2) Tiered liability with safe harbours: For instant digital rails, adopt shared-liability frameworks: if a bank can prove DPIP participation, timely 1930 escalation and model governance, offer safe-harbour relief on disputed transactions so institutions aren’t punished for doing the right things fast.
3) Criminalise account-renting explicitly and uniformly: Today’s deterrence is patchy. A crisp offence category for knowingly renting/selling accounts or SIMs, with graded penalties, would shrink the supply of mules.
4) Push “continuous KYC” and device hygiene: One-and-done onboarding is obsolete. Regulators should endorse risk-based re-verification triggers (device change + unusual velocity + new beneficiary clusters) and back banks to pause accounts pending review, without fear of consumer-protection backlash when controls are proportionate.

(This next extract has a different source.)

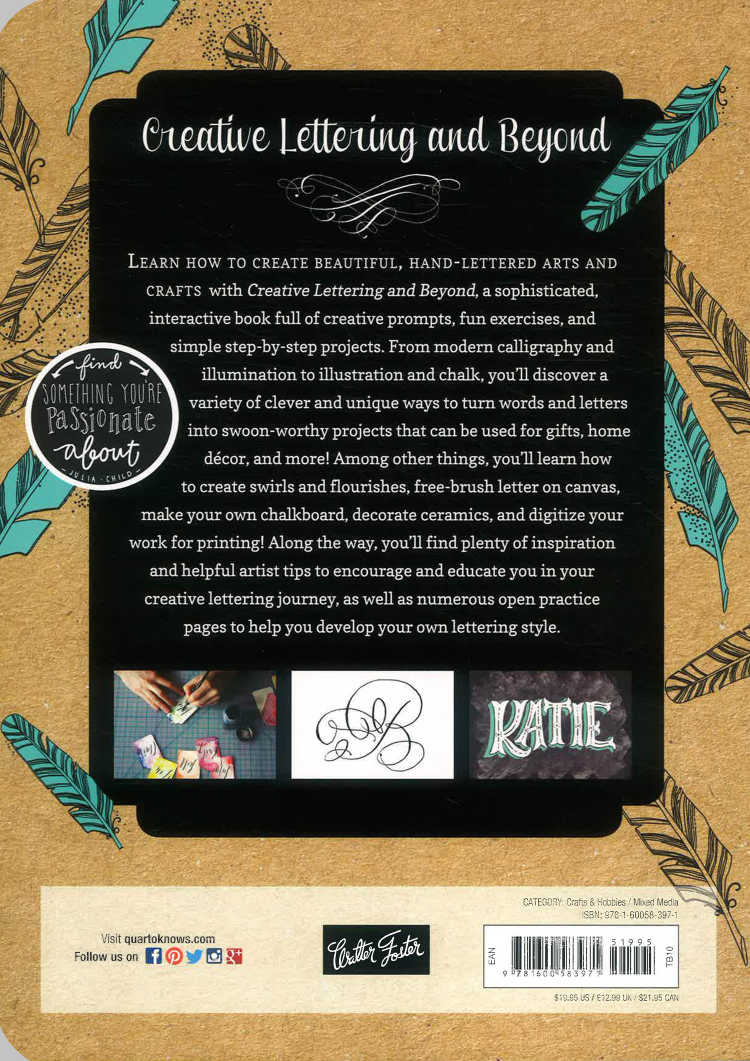 Creative Lettering and Beyond combines the artistic talents and inspirational tips and tutorials of several professional hand letterers and calligraphers for a dynamic and interactive learning experience. After a brief introduction to the various tools and materials, artists and lettering enthusiasts will learn how to master the art of hand lettering and typography through engaging, easy-to-follow step-by-step projects, prompts, and exercises. From the basic shape and form of letters, to cursive script, spacing, and alignment, artists will discover how to transform simple words, phrases, and quotes into beautiful works of hand-lettered art. The interactive format and step-by-step process offers inspirational instruction for a wide variety of fun projects and gift ideas, including hand-rendered phrases on paper and digitally enhanced notecards. Artists will also discover how to apply lettering to linen, coffee mugs, calendars, and more. Numerous practice pages and interactive prompts throughout the book invite readers to put their newfound lettering skills to use, as well as work out their artistic ideas. Covering a variety of styles and types of lettered art, including calligraphy, illustration, chalk lettering, and more, artists will find a plethora of exercises and tips to help them develop their own unique lettering style. With comprehensive instructions and fun, inspirational exercises and projects, Creative Lettering and Beyond is a must-have resource for anyone who wants to learn this beautiful and stylish art form.

5) Corporate treasurers: Corporates should whitelist beneficiary banks, use just-in-time limits, and subscribe to bank fraud-intel feeds. If your collections run at scale, treat mule-risk as an operational continuity risk, not merely a bank problem.
The bottom line
India’s fraudsters have discovered the weak link: speed + scale + social engineering + mule liquidity. The state is responding at scale and the RBI-bank tech stack (MuleHunter.AI, DPIP, NPCI analytics) is taking shape. But winning this war requires closing the last mile, real-time, privacy-aware data-sharing, deterrence for account-renting, and board-level ownership of deposit-side operational risk. In the digital economy, your biggest vulnerability isn’t bad credit. It’s a “good” account doing bad things at scale and at speed.